This excellent introduction to intellectual property is a cut above the typical student textbook.

Authors: Sir Robin Jacob, Daniel Alexander QC and Matthew Fisher

Publisher: Hart Publishing

How should we view intellectual property? As a set of legal rules, derived mostly from legislation, to be studied at university? Or as a business asset, to be valued, packaged, exploited and recorded on a balance sheet? Or as a professional mystery, which initiates – patent attorneys – take many years to master? As they journey to enlightenment, European patent attorneys are required to take and pass (on the Nth attempt) some of the toughest exams in the known world. The 10,000 hours rule seems pitifully inadequate for such a demanding profession.

Or should we view IP as a threat to the marketplace, as anti-trust authorities would have us believe? Or as a route to economic development, as recent British prime ministers have vaguely seemed to hope, which has led them to commission a fleet of half-baked policy reviews. These reviews, led by journalists and academics – Gowers, Hargreaves and Wilson spring to mind – have gone out of their way to avoid contamination by IP lawyers, who might actually know something about the subjects under discussion.

Or should we recognise that IP is a weapon to be used in a battle for commercial supremacy between competing businesses, whether they are giants like Apple and Samsung, or the small businesses for whom the Intellectual Property Enterprise Court has been devised? The warring parties will use whatever weapons they have to hand, and they often include IP rights. Sometimes, the parties don’t even know what weapons they have until their IP lawyers investigate and report.

Depending on our perspective of the IP world, we may require a particular mix of knowledge of IP law and practice. We may need a wide but shallow overview, or a deep insight into points of detail. We may need to focus on pure legal issues, or on practice points, or on commercial objectives. Or we may want an accessible blend of all of these aspects, as an introduction to the subject.

Where can we get the particular blend of knowledge that we require, other than by learning on the job?

Guidebook to Intellectual Property gives us part of the picture. It provides an introduction to IP law. In the words of the frontispiece, ‘it is aimed not only at law students… but also at interested users of IP – business people, inventors, scientists, designers and the like’.

The book is suitable as an introductory text for law students, and it is written by experts who have academic credentials: two of them have established positions at the UCL Faculty of Laws and the third has a visiting appointment there. But the perspective of the book is that of the practitioner, rather than the academic. Or rather a particular type of practitioner, the English IP barrister. This reflects the history of the book and the background of most of its authors.

The book was originally written as a set of pamphlets in the 1940s by Thomas Blanco White QC, a barrister who went on to be head of a leading set of IP barristers’ chambers in London. His successor as head there, Robin Jacob QC (more recently a lord justice of appeal and now professor of IP Law at UCL), is one of the authors of the present, 6th edition, along with Daniel Alexander QC (a senior member of the same chambers) and Matt Fisher, a senior lecturer in Robin’s team of IP academics at UCL.
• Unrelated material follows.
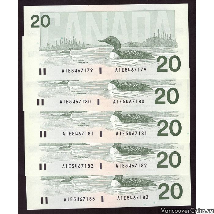 5x 1991 Canada $20 banknotes Theissen Crow AIE5467179-83 GEM UNC EPQ
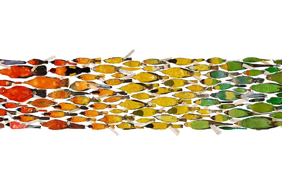 The centerpiece of the show is Prosek’s Bird Spectrum, an installation created from 222 bird specimens from the Peabody’s ornithology collection, which are affixed to the wall and organized by color. Spanning more than 15 feet, the avian rainbow suggests that in the color spectrum, as in the evolutionary continuum, clear lines do not exist. Where, for example, does red end and orange begin? Likewise, it is often difficult to define where one species ends, and another begins in the evolutionary timeline.

This practitioner perspective is one of the book’s strengths. The book explains some of the context of IP laws, and how they are used in practice, particularly in litigation. Every so often, the authors (or, we might guess, mainly the senior author) express an opinion in terms that are the opposite of mealy-mouthed. Whether you agree with these opinions or not, they bring the subject to life in a way that many legal textbooks fail to do. For instance, consider the following choice quotes from the book:

  • The USA… has some bizarre aspects like jury trial in patent cases.
  • [IP legislation] is a mishmash of compromise, some of it the result of effective lobbying by particular interest groups, some a result of muddled thinking or questionable drafting by legislators and some which is actually sensible and practical.
  • One can tell this area of law is still in need of clarification when our own Supreme Court is unable to be sure whether it is an infringement of copyright to read articles on the internet.
  • Even larger cases do not need more than the addition of a good solicitor and perhaps one assistant.  Sensible businessmen will ask why their lawyers want to use so many people on their case.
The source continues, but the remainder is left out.